In the UK, the Data Protection Act UK and the Privacy & Electronic Communications Regulations (PECR) are two main anti spam laws. Take them into account when developing your small business strategy for sales and marketing.
Let’s deal with the Data Protection Act UK. There are two main considerations:
- establishing if you are a Data Controller
- collecting and managing your data in accordance with the Act
Are You a ‘Data Controller’?
An official Data Controller must register with the Information Commissioner’s Office (ICO). How do you know if you need to register?
Well, it’s probably easier to define the circumstances in which you DON’T need to register. If all you record is:
- Employee information
- Customer information for the purposes of marketing your own business
…you probably do NOT need to register. It is, however, strongly recommended that you check the specific position of your own business on the ICO website.
There is an online questionnaire that will help establish if your business falls within the definition of a Data Controller. See the links in the right-hand column.
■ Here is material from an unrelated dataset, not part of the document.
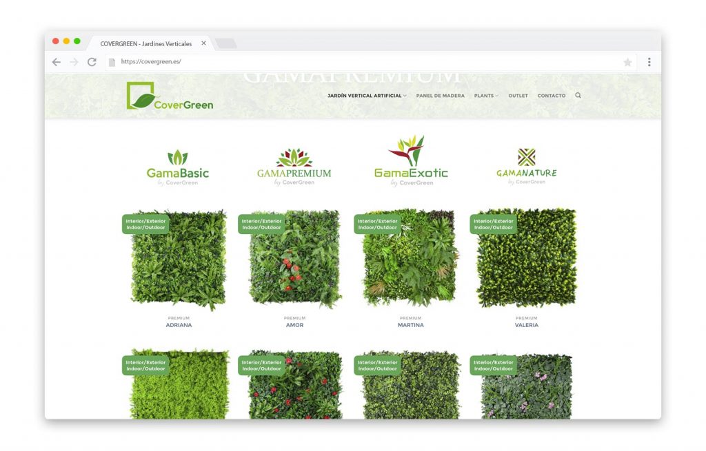- DESCRIPCIÓN DEL TRABAJO:Realización del diseño de la web de COVERGREEN en la que se integran, a modo de catálogo, los productos de la compañía con información completa de cada uno de ellos. La web dispone de un área privada exclusiva para distribuidores donde pueden consultar precios y condiciones de venta.
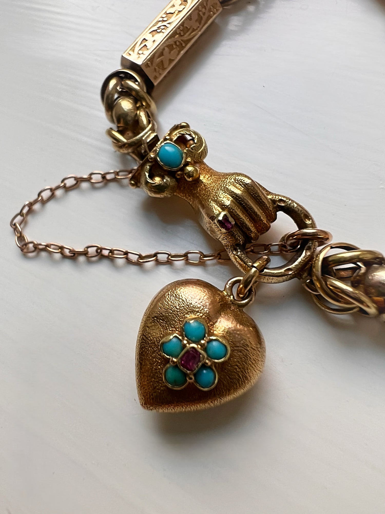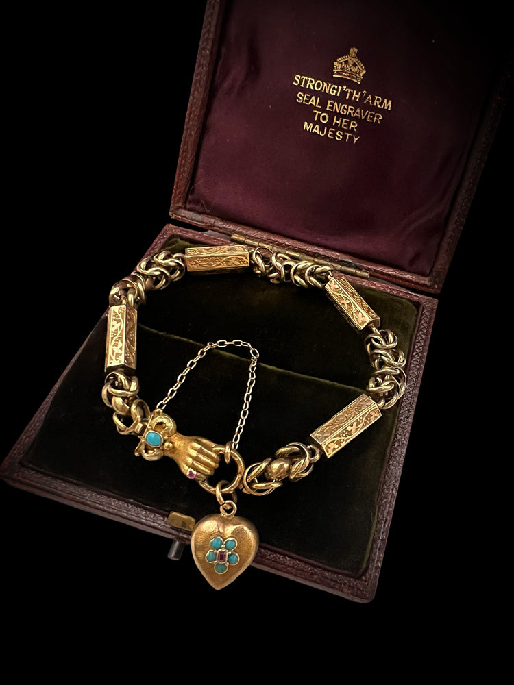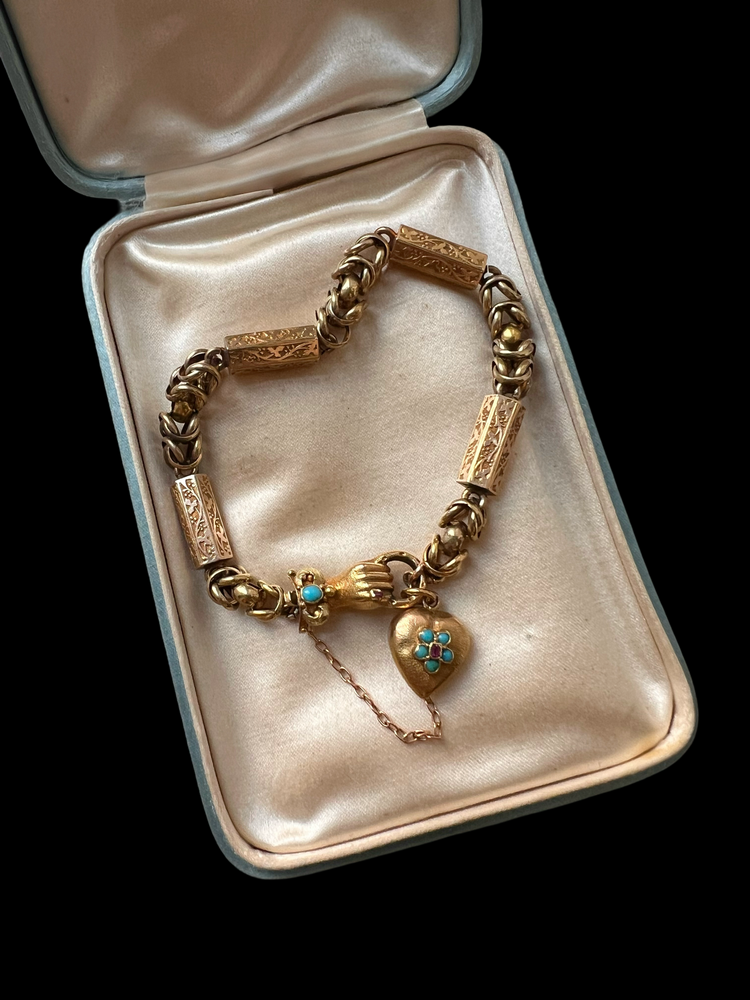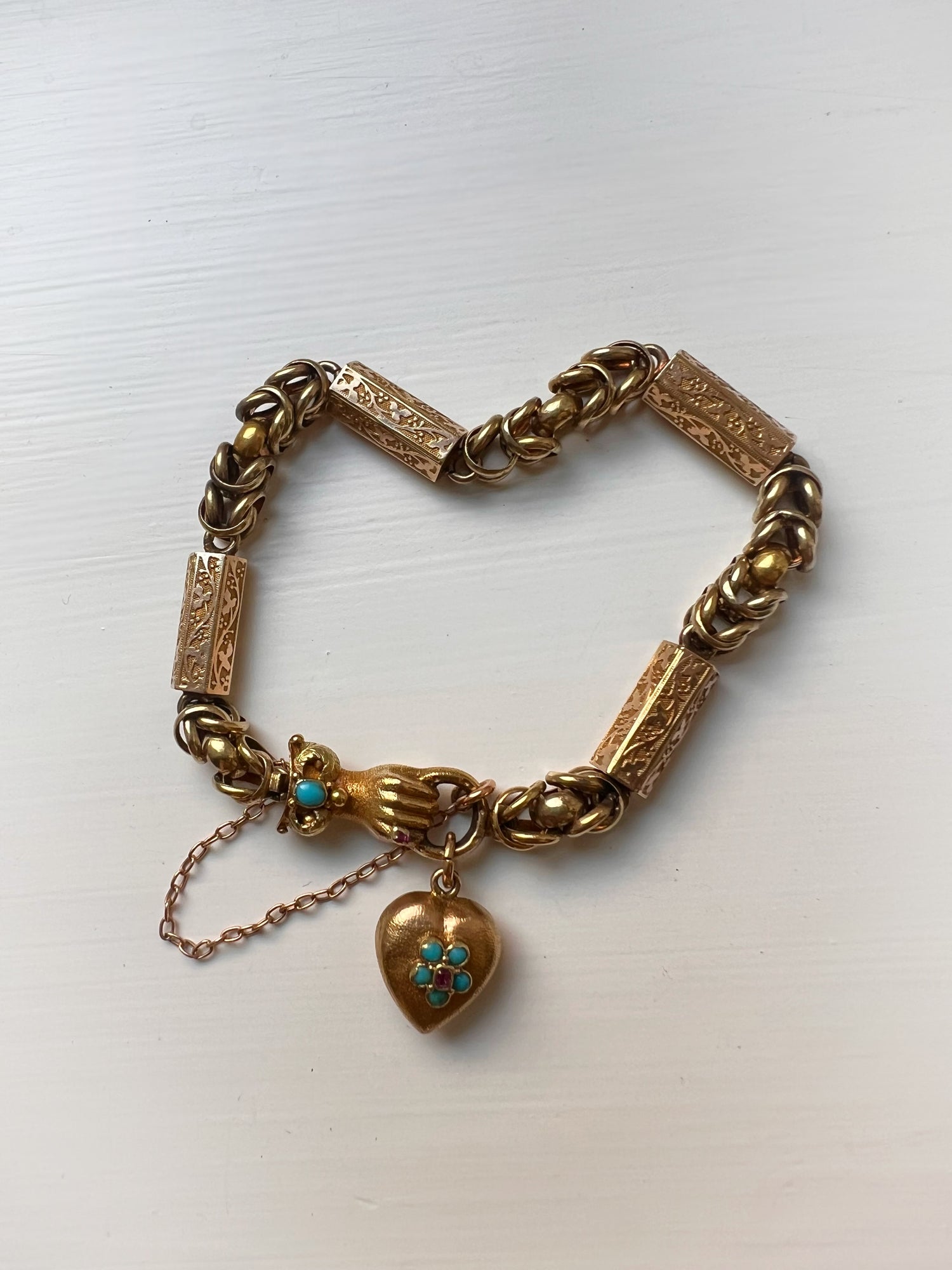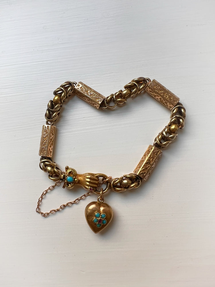 GEORGIAN 15CT GOLD BRACELET WITH A GEM SET HAND, SNAKE & HEART CLASP

Registering is quick and easy. The application form is very simple and, if you have less than 250 employees, the fee (at February 2011) is £35 per year.
Data Controller or not, you must comply
with these rules
Whether or not you do have to register, the act requires you to adhere to basic, common sense principles that provide protection for customers in the UK.
When collecting and managing customer information, you should: 
- Identify your company
- Clearly state the purpose of collecting the information
- Provide a right of access and allow the information to be corrected/removed by the subject
- The information should not be put to unreasonable/unrelated or unexpected use
- It must not passed to others without permission
In the right-hand column are links to the ICO’s Guide to Data Protection and a quick ‘How to Comply’ checklist for the Data Protection Act UK.
Do you need a Privacy Notice?
Possibly not. If customers already know who you are, and if you’re not going to do something unexpected or objectionable with their personal information, then you may not need a privacy notice.
The law doesn’t require you to tell people about obvious uses for their information, such as a mail order firm asking for a delivery address.